___ RECORDS FOR PROCESSING ___

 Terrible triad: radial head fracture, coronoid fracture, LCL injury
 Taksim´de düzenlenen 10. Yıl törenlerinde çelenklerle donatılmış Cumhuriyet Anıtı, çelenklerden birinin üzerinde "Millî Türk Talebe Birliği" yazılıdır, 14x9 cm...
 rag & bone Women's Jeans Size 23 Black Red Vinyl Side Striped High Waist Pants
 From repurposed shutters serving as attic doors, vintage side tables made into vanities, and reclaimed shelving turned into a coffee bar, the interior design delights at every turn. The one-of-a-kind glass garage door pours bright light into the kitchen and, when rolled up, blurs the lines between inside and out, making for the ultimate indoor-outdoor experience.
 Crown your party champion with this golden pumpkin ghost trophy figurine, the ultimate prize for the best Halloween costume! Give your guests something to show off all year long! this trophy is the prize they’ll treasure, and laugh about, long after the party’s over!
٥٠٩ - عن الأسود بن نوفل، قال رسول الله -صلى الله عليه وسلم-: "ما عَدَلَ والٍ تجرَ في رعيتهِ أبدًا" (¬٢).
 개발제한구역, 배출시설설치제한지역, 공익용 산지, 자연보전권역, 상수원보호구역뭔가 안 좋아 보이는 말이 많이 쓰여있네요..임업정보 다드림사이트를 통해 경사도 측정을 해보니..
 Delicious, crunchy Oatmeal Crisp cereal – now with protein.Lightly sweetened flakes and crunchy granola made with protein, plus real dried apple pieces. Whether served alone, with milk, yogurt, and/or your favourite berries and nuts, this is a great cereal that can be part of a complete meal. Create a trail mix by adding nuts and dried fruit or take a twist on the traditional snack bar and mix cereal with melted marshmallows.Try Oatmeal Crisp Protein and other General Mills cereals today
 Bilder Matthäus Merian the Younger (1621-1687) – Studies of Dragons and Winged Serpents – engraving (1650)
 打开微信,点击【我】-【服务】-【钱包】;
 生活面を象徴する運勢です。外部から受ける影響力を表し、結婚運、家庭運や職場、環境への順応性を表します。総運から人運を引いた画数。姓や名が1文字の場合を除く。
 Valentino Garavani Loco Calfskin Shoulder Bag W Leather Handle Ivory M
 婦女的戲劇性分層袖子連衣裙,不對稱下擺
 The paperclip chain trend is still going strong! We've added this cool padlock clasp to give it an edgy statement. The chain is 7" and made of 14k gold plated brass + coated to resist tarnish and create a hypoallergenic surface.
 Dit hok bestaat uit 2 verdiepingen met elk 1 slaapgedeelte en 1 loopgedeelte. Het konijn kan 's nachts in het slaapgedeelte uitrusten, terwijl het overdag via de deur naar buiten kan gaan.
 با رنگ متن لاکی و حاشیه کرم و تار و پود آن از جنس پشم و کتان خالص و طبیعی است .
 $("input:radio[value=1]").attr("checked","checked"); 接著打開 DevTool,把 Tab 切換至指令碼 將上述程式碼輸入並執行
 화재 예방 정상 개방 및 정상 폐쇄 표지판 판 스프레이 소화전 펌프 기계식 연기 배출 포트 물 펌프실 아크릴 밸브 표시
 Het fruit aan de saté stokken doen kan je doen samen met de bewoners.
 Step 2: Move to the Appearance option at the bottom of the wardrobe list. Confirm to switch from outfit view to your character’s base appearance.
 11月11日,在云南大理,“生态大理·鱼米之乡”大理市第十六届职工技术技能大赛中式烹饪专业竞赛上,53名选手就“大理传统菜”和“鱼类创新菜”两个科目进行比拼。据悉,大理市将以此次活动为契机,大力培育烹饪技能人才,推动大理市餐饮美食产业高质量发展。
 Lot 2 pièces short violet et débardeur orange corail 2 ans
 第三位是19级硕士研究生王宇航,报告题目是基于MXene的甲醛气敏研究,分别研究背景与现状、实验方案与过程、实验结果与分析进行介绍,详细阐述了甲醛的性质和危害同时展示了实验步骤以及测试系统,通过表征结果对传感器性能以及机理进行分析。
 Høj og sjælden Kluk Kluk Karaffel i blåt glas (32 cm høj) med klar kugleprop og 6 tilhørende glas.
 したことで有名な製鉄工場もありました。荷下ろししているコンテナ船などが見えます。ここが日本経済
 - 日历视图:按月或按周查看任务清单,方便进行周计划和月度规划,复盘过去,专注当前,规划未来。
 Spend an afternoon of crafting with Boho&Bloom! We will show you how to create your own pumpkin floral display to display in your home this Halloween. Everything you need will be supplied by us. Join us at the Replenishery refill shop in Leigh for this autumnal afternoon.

___

* [ASSIGNMENT]
Each line from the one with "婦女的戲劇性分層袖子連衣裙,不對稱下擺" through the last line of the records above must be retyped exactly, and no other line may be given.

* [ANSWER TO THIS PROBLEM]
 婦女的戲劇性分層袖子連衣裙,不對稱下擺
 The paperclip chain trend is still going strong! We've added this cool padlock clasp to give it an edgy statement. The chain is 7" and made of 14k gold plated brass + coated to resist tarnish and create a hypoallergenic surface.
 Dit hok bestaat uit 2 verdiepingen met elk 1 slaapgedeelte en 1 loopgedeelte. Het konijn kan 's nachts in het slaapgedeelte uitrusten, terwijl het overdag via de deur naar buiten kan gaan.
 با رنگ متن لاکی و حاشیه کرم و تار و پود آن از جنس پشم و کتان خالص و طبیعی است .
 $("input:radio[value=1]").attr("checked","checked"); 接著打開 DevTool,把 Tab 切換至指令碼 將上述程式碼輸入並執行
 화재 예방 정상 개방 및 정상 폐쇄 표지판 판 스프레이 소화전 펌프 기계식 연기 배출 포트 물 펌프실 아크릴 밸브 표시
 Het fruit aan de saté stokken doen kan je doen samen met de bewoners.
 Step 2: Move to the Appearance option at the bottom of the wardrobe list. Confirm to switch from outfit view to your character’s base appearance.
 11月11日,在云南大理,“生态大理·鱼米之乡”大理市第十六届职工技术技能大赛中式烹饪专业竞赛上,53名选手就“大理传统菜”和“鱼类创新菜”两个科目进行比拼。据悉,大理市将以此次活动为契机,大力培育烹饪技能人才,推动大理市餐饮美食产业高质量发展。
 Lot 2 pièces short violet et débardeur orange corail 2 ans
 第三位是19级硕士研究生王宇航,报告题目是基于MXene的甲醛气敏研究,分别研究背景与现状、实验方案与过程、实验结果与分析进行介绍,详细阐述了甲醛的性质和危害同时展示了实验步骤以及测试系统,通过表征结果对传感器性能以及机理进行分析。
 Høj og sjælden Kluk Kluk Karaffel i blåt glas (32 cm høj) med klar kugleprop og 6 tilhørende glas.
 したことで有名な製鉄工場もありました。荷下ろししているコンテナ船などが見えます。ここが日本経済
 - 日历视图:按月或按周查看任务清单,方便进行周计划和月度规划,复盘过去,专注当前,规划未来。
 Spend an afternoon of crafting with Boho&Bloom! We will show you how to create your own pumpkin floral display to display in your home this Halloween. Everything you need will be supplied by us. Join us at the Replenishery refill shop in Leigh for this autumnal afternoon.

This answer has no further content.